A 5V single channel electronic relay is used actuate the pump.TCS230 colour sensor is used in the rover to detect the fertilizers in the soil.Four 12V 100 rpm DC motors are used in the rover for its movement.A 12V LeadAcid battery is used to power the rover.A 10000mAh powerbank is used to power the sensor station (102).
It is emphasized that the Abstract of the Disclosure is provided to allow a reader to quickly ascertain the nature of the technical disclosure. It is submitted with the understanding that it will not be used to interpret or limit

the scope or meaning of the claims. In addition, in the foregoing Detailed Description, it can be seen that various features are grouped together in a single embodiment for the purpose of streamlining the disclosure. This method of disclosure is not to be interpreted as reflecting an intention that the claimed embodiments require more features than are expressly recited in each claim. Rather, as the following claims reflect, inventive subject matter lies in less than all features of a single disclosed embodiment. Thus, the following claims are hereby incorporated into the Detailed Description, with each claim standing on its own as a separate embodiment. In the appended claims, the terms “including” and “in which” are used as the plain-English equivalents of the respective terms “comprising” and “wherein,” respectively. Moreover, the terms “first”, “second,” “third,” and so forth, are used merely as labels, and are not intended to impose numerical requirements on their objects.
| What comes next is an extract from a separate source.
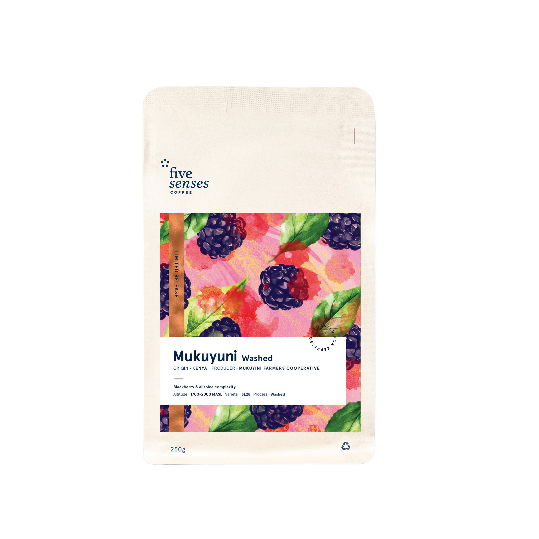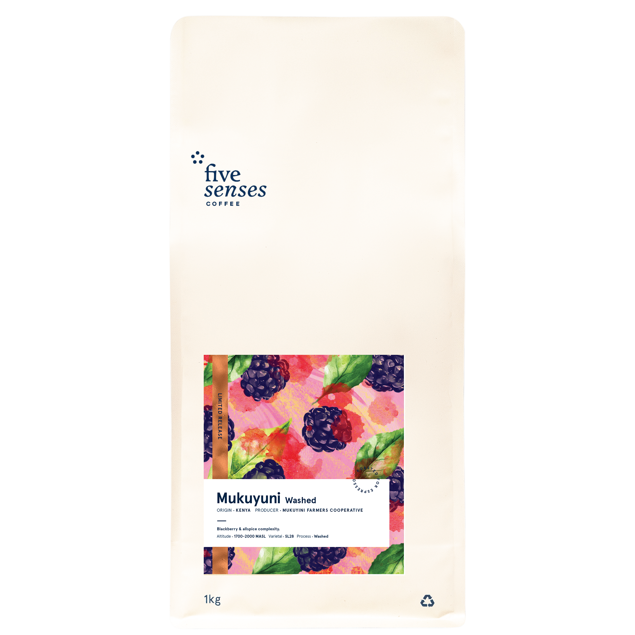 The Mukuyuni Farmers Cooperative Society, located in Machakos County, Kenya, is a shining example of high-quality coffee production and sustainable farming. The cooperative takes its name from the River Mukuyuni, with "Mukuyuni" translating to "next to the giant fig tree" in the local Kamba language, referencing a historical gathering place. This region, in the southeastern part of Kenya, provides ideal conditions for coffee cultivation, with fertile soil and a favourable climate contributing to the exception quality of its beans. Mukuyuni coffee is known for its bright acidity, complex flavour and well-balanced profile. The beans often exhibit vibrant citrus and berry notes, complemented by a smooth, lingering finish. Farmers in the cooperative prioritise organic farming, Fairtrade certification, and continuous improvements to their processes. They maintain clean processing facilities, use digital scales for precision, and invest in advanced pulping equipment to ensure consistency and high quality. Additionally, their commitment to sustainable agriculture includes crop diversification, incorporating figs, flowers, honey, cattle feed and poultry farming to support their livelihoods.

What has been described above includes examples of the disclosed architecture. It is, of course, not possible to describe every conceivable combination of components and/or methodologies, but one of ordinary skill in the art may recognize that many further combinations and permutations are possible. Accordingly, the novel architecture is intended to embrace all such alterations, modifications and variations that fall within the spirit and scope of the appended claims.
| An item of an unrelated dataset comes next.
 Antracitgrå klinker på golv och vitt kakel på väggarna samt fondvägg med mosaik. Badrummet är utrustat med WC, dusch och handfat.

Without further description, it is believed that one of ordinary skill in the art can, using the preceding description and the illustrative examples, make and utilize the present invention and practice the claimed methods. It should be understood that the foregoing discussion and examples merely present a detailed description of certain preferred embodiments. It will be apparent to those of ordinary skill in the art that various modifications and equivalents can be made without departing from the spirit and scope of the invention.